Task instructions:
Output each entry verbatim. Leave the images out.
****************************************
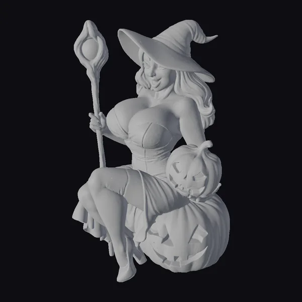 Intricately detailed, this stylized witch figurine sits confidently on a large, carved pumpkin, her black dress and hat a stark contrast to the vibrant orange of her throne. Her blonde hair cascades down her back as she grasps a staff with a glowing orb at its tip. The witch’s attire is complemented by black stockings and heels, adding to her mystique. The pumpkin beneath her has a classic, eerie face carved into it, while she holds a smaller, similarly carved pumpkin in her lap. This model is perfect for use in games, 3D printing, VR/AR experiences, animation, and design projects, offering a rich, high-quality visual element to enhance any Halloween-themed creation.
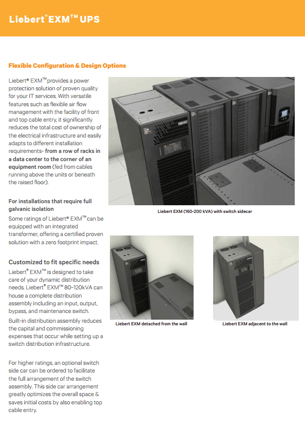 维谛Liebert.EXM 系列UPS是维谛技术推出的新一代基于IGBT整流技术的高频、塔式UPS。容量段覆盖80~200kVA,主要客户群为中小型IT企业、金融服务保险以及加工制造业。Liebert.EXM 初始投资少,后期运营成本低,可靠性高,在保证极高的MTBF和极低的MTTR同时,还兼具优异的灵活性。 最适合于: 数据中心/主机托管/托管 教育 政府 医 疗 电信 运输
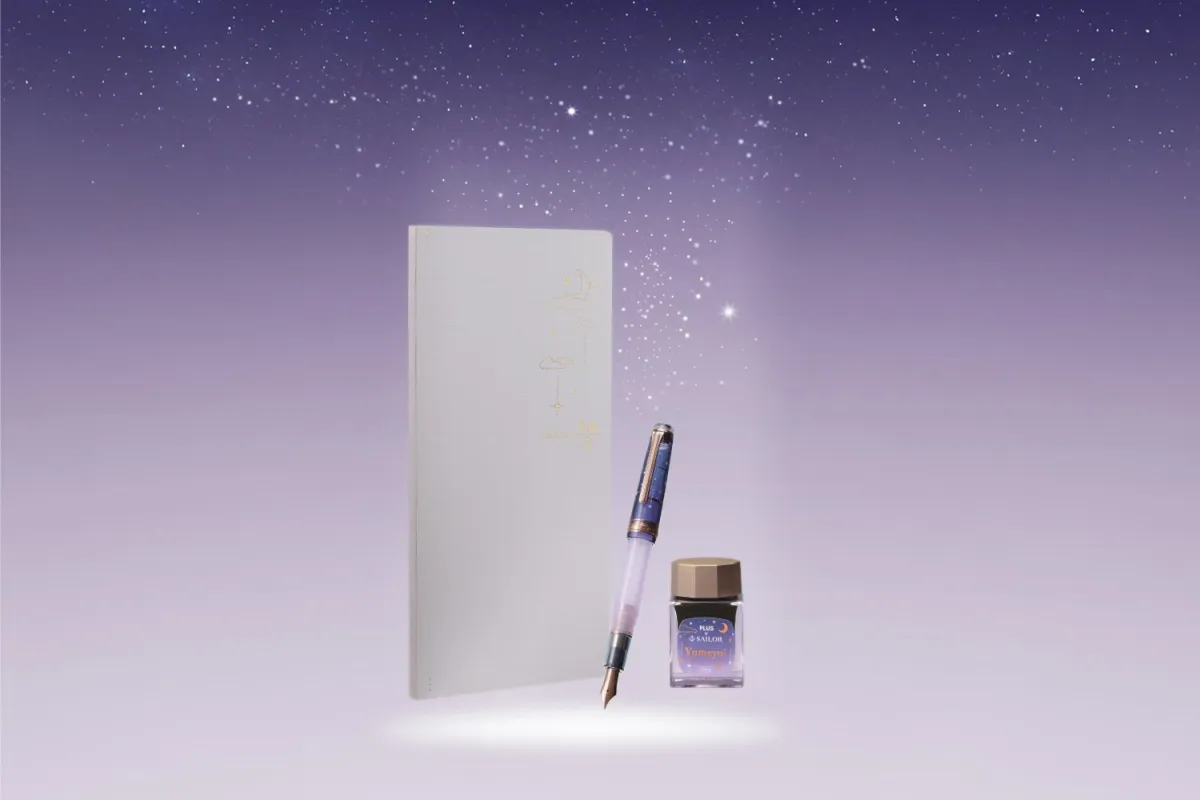セットには、インクとして新調色された淡いパープルカラーの限定「Yumeyoi」が含まれています。ノートの表紙にも月と星の箔押しが施されており、見た目にも美しい仕上がり。書く楽しさを引き立ててくれるこれらのアイテムは、贈り物としても、自分へのご褒美としても選びたくなる魅力を持っています。
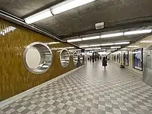 The station on the Sheppard line was designed by architectural firm NORR Limited. The construction of the Sheppard line included the integration of the bus terminal at street level into the fare-paid zone.
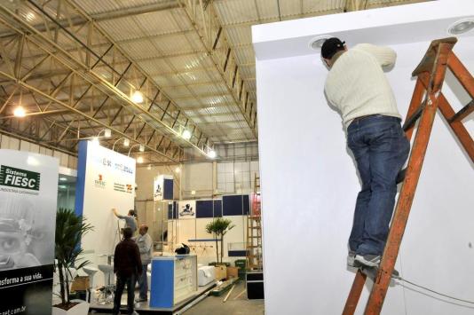 Na noite de domingo, profissionais montavam últimos detalhes da feira
****************************************
Answer to this problem:
 Intricately detailed, this stylized witch figurine sits confidently on a large, carved pumpkin, her black dress and hat a stark contrast to the vibrant orange of her throne. Her blonde hair cascades down her back as she grasps a staff with a glowing orb at its tip. The witch’s attire is complemented by black stockings and heels, adding to her mystique. The pumpkin beneath her has a classic, eerie face carved into it, while she holds a smaller, similarly carved pumpkin in her lap. This model is perfect for use in games, 3D printing, VR/AR experiences, animation, and design projects, offering a rich, high-quality visual element to enhance any Halloween-themed creation.
 维谛Liebert.EXM 系列UPS是维谛技术推出的新一代基于IGBT整流技术的高频、塔式UPS。容量段覆盖80~200kVA,主要客户群为中小型IT企业、金融服务保险以及加工制造业。Liebert.EXM 初始投资少,后期运营成本低,可靠性高,在保证极高的MTBF和极低的MTTR同时,还兼具优异的灵活性。 最适合于: 数据中心/主机托管/托管 教育 政府 医 疗 电信 运输
セットには、インクとして新調色された淡いパープルカラーの限定「Yumeyoi」が含まれています。ノートの表紙にも月と星の箔押しが施されており、見た目にも美しい仕上がり。書く楽しさを引き立ててくれるこれらのアイテムは、贈り物としても、自分へのご褒美としても選びたくなる魅力を持っています。
 The station on the Sheppard line was designed by architectural firm NORR Limited. The construction of the Sheppard line included the integration of the bus terminal at street level into the fare-paid zone.
 Na noite de domingo, profissionais montavam últimos detalhes da feira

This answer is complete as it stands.